Computed tomographic angiography, abdominal aorta and bilateral iliofemoral lower extremity runoff, with contrast material(s), including noncontrast images, if performed, and image postprocessing

© Copyright 2025 American Medical Association. All rights reserved.

Common Language Description

A computed tomographic angiography (CTA) of the abdominal aorta and bilateral iliofemoral lower extremity runoff is a specialized imaging procedure that utilizes advanced technology to visualize the blood vessels in these areas. This procedure involves the use of contrast material, which enhances the visibility of the blood vessels during imaging. The process begins with the patient being positioned on a CT table, where an intravenous line is typically inserted into a blood vessel, often in the arm or hand. This line is essential for administering the contrast material, which is injected to provide clearer images of the vascular structures. In some cases, non-contrast images may also be obtained prior to the injection of the contrast to provide baseline data. The CTA employs a combination of computed tomography and angiography techniques, allowing for the acquisition of multiple images that are subsequently processed by a computer. This processing creates detailed, three-dimensional cross-sectional views of the abdominal aorta and the iliofemoral arteries, which are crucial for diagnosing various vascular conditions. The procedure is designed to be efficient, with the CT table moving through the scanning machine as the contrast is injected at a controlled rate. Once the imaging is complete, a radiologist reviews and interprets the resulting images, providing valuable insights into the vascular health of the patient. This comprehensive approach ensures that any abnormalities or issues within the blood vessels can be accurately identified and assessed.

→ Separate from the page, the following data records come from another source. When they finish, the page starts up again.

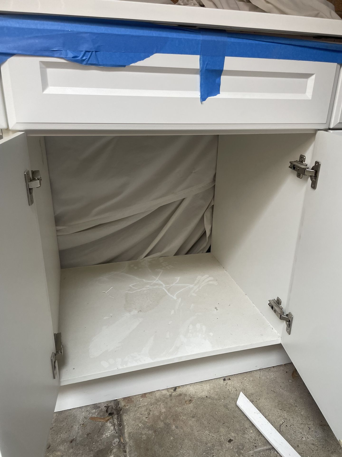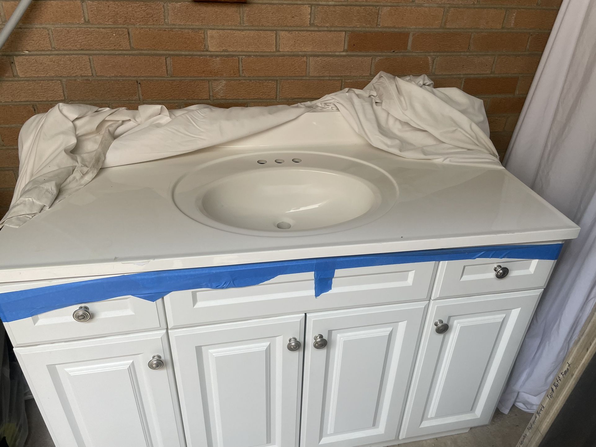 Bought new for my bathroom but insted renovated into full bathroom. Original price for 429 for vanity cabinet and 300 for marble vanity top.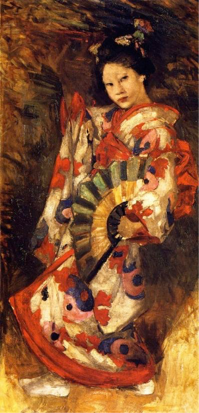 If there is one thing that Hornel seemed to take from Japan it was an equation of beauty with the feminine. It wasn’t only that while he was there most of his paintings were of young Japanese women and girls in traditional costume, with fans poised at just the right angle. Even after he returned home he kept painting these girls. Except now he had Scottish ones to pose in their place, using photographs he’d obtained in Japan to make sure the positions and angles were the same. From 1901 he painted them in the grand old house he bought in his hometown of Kirkudbright, thanks to the money he’d made from the sale of his Japan work.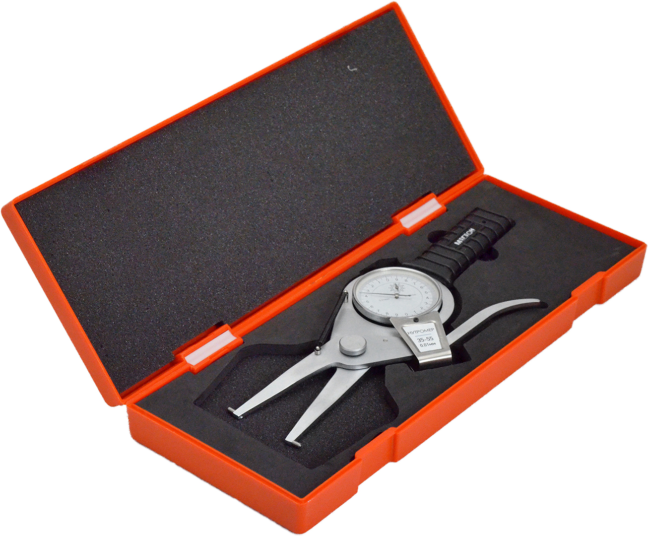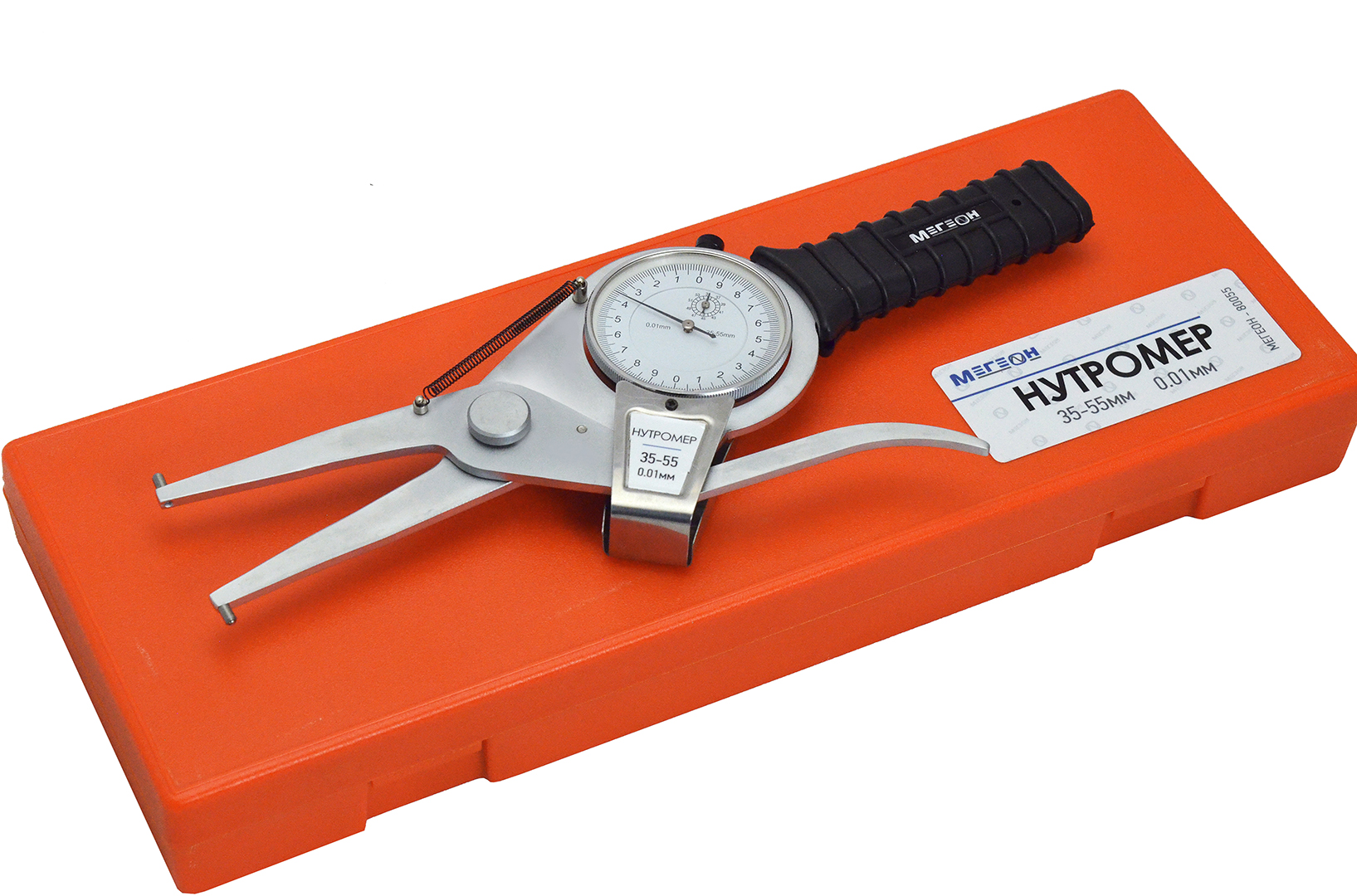 Нутромер микрометрический МЕГЕОН 80055 предназначен для измерения с высокой точностью внутренних размеров изделий относительным методом. В основе считывающего устройства применён индикатор часового типа с ценой деления 0,01 мм. Прибор имеет новую конструкцию ножничного типа, отличную от классических нутромеров. Здесь отсутствуют барабан, трехётка и стебель. К одному из важных преимуществ можно отнести быструю настройку изделия. Применение возможно в диапазоне диаметра отверстия 35...55 миллиметров. Обрезиненная ручка исключит проскальзывания прибора в руках, а наличие антикоррозийного покрытия на элементах конструкции предотвратит повреждение прибора ржавчиной при попадании нежелательной влаги и увеличивает срок эксплуатации. Для настройки ноля требуется установочная скоба 35 мм (приобретается отдельно).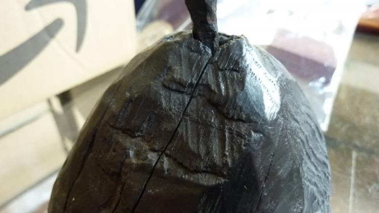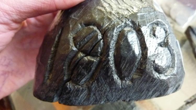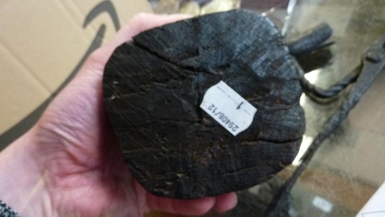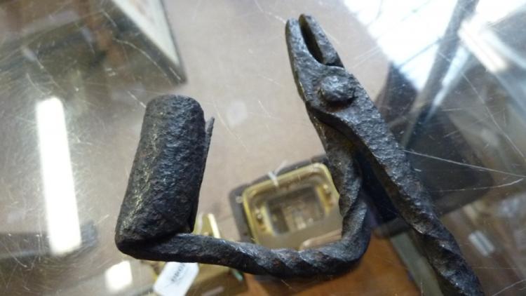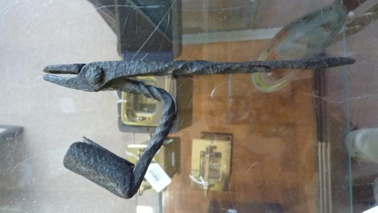 Lot 27 of 2597: A George III wrought iron rush light on adzed oak base inscribed '1803', height 21cm (the light detached from base).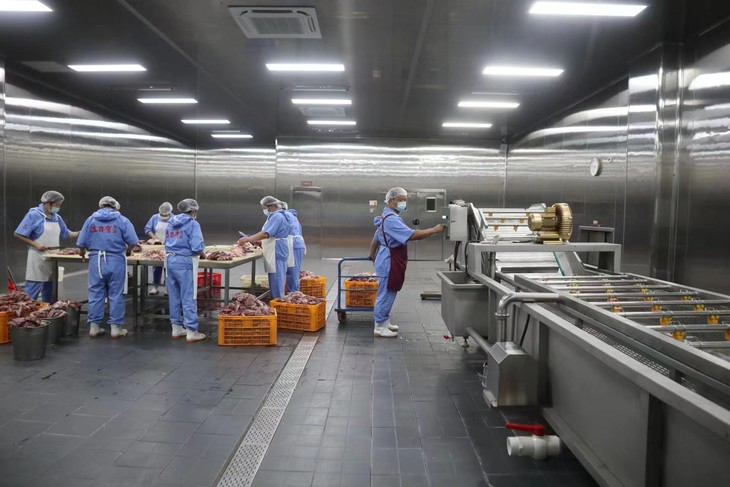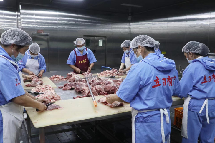 每日清晨从定点屠宰厂采购新鲜猪后腿肉 沿袭祖传的切肉法,仔细的把附着的肥肉与肉筋剔膜除干净 新鲜猪后腿肉高压冲洗干净,投入清水中大火熬煮2个小时左右 等至肉纤维松软时再炒制加工,加入融化好的猪油加以拌和直到成品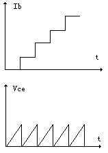 如下圖所示,晶體管特征圖示儀提供Vce的鋸齒波掃描電壓和Ib的階梯變化,且兩者一一對(duì)應(yīng),便產(chǎn)生Ib從Ib0、Ib1、Ib2等Vce從零到最大值的曲線族。從而測(cè)量晶體管的直流特性。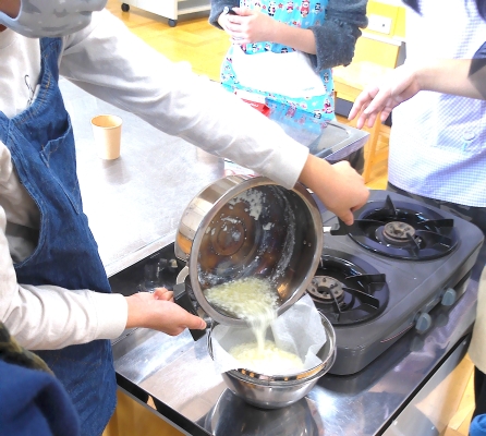 雪印メグミルク 食育出前授業(5年) 〇11/25 「雪印メグミルク」から講師を招き、5年生が食育 出前授業で「骨の成長」について学習しました。 〇骨の仕組みとカルシウムの役割について学び、カルシウムの 大切さを考えました。 〇牛乳を少し苦手に感じている子も、今日からは頑張って飲ん でみようかなと感じられる授業でした。 〇最後は、各学級でグループに分かれて、自分たちで牛乳から カッテージチーズを作って食べました。チーズを作る際に出 た「ホエー」も飲みました。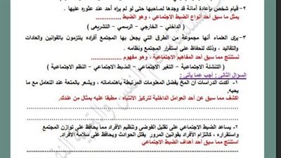 لطلاب الصف الثاني الثانوي.. أسئلة تقييمات الأسبوع الثالث علم النفس والاجتماع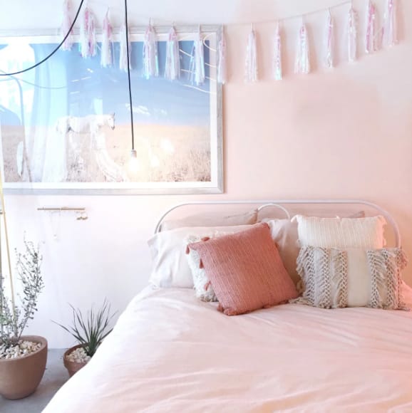 A headboard is a popular element in the bedroom. You can add a headboard even though the main frame of your bed doesn’t have any. Choosing the headboard with iridescent colors will create a better interior since it shines during the day like a rainbow.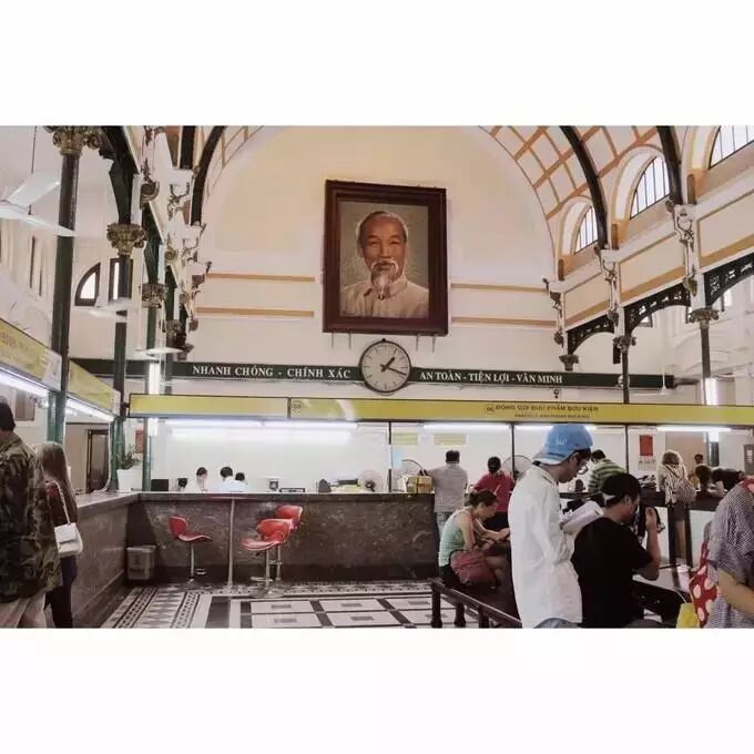 拿车之后前去统一宫,统一宫比较像白宫了,中心的草地和喷泉,值得一提的是建筑是仿造汉字“吉”、“兴”、“中”建造的,里面是胡志明以前处理政事、接待外宾和住的地方。好玩的是直接从总统的书房可以直接通向bunker,保护炸弹时期的总统的周全。后来听homestay的主人说,其实统一宫还有一条秘密通道没有向公众开放,是一条可以行车的秘密通道,直通机场,以防有事发生总统可以直接逃生。

© Copyright 2025 Coding Ahead. All rights reserved.

1. Indications

The computed tomographic angiography (CTA) of the abdominal aorta and bilateral iliofemoral lower extremity runoff is indicated for various clinical scenarios where detailed visualization of the vascular structures is necessary. The following conditions may warrant this procedure:

  • Assessment of Vascular Disease This procedure is often performed to evaluate for the presence of vascular diseases such as atherosclerosis, which can lead to narrowing or blockage of the arteries.
  • Investigation of Aneurysms CTA is utilized to detect and assess abdominal aortic aneurysms, which are abnormal bulges in the aorta that can pose significant health risks if they rupture.
  • Evaluation of Peripheral Artery Disease Patients with symptoms of peripheral artery disease, such as leg pain or claudication, may undergo this imaging to assess blood flow in the iliofemoral region.
  • Preoperative Planning Surgeons may request a CTA to obtain detailed images of the vascular anatomy prior to surgical interventions involving the abdominal aorta or lower extremities.
  • Postoperative Assessment Following vascular surgery, CTA can be used to evaluate the success of the procedure and to monitor for any complications such as graft failure or stenosis.

2. Procedure

The procedure for performing a computed tomographic angiography (CTA) of the abdominal aorta and bilateral iliofemoral lower extremity runoff involves several key steps to ensure accurate imaging and patient safety. The following outlines the procedural steps:

  • Patient Preparation The patient is first prepared for the procedure by explaining the process and obtaining informed consent. The patient is positioned comfortably on the CT table, and any necessary pre-procedure assessments are conducted.
  • Intravenous Access An intravenous (IV) line is established, typically in the patient's arm or hand. This IV line is crucial for administering the contrast material that enhances the visibility of the blood vessels during imaging.
  • Non-Contrast Imaging If indicated, non-contrast images may be obtained prior to the administration of contrast material. These images serve as a baseline for comparison and help in the interpretation of the subsequent contrast-enhanced images.
  • Contrast Administration A small dose of contrast material is injected through the IV line. Test images may be taken to verify the correct positioning of the contrast. Once confirmed, the full contrast injection is performed at a controlled rate.
  • CT Scanning As the contrast material circulates through the blood vessels, the CT table moves through the CT machine. The scanner captures multiple images of the abdominal aorta and bilateral iliofemoral arteries, creating detailed cross-sectional views.
  • Image Postprocessing After the scanning is completed, the acquired images undergo postprocessing on a computer. This step involves reconstructing the images into three-dimensional views that provide comprehensive insights into the vascular structures.
  • Image Review Finally, a radiologist reviews and interprets the CTA images, assessing for any abnormalities or conditions that may require further clinical attention.

3. Post-Procedure

After the completion of the computed tomographic angiography (CTA), the patient is monitored for any immediate reactions to the contrast material. It is important to ensure that the patient is stable and does not exhibit any adverse effects. The radiologist will analyze the images and prepare a report detailing the findings, which will be communicated to the referring physician. Depending on the results, further diagnostic testing or treatment may be recommended. Patients are typically advised to drink plenty of fluids post-procedure to help flush the contrast material from their system. Any specific post-procedure instructions or follow-up appointments will be provided based on the individual patient's needs and the findings from the CTA.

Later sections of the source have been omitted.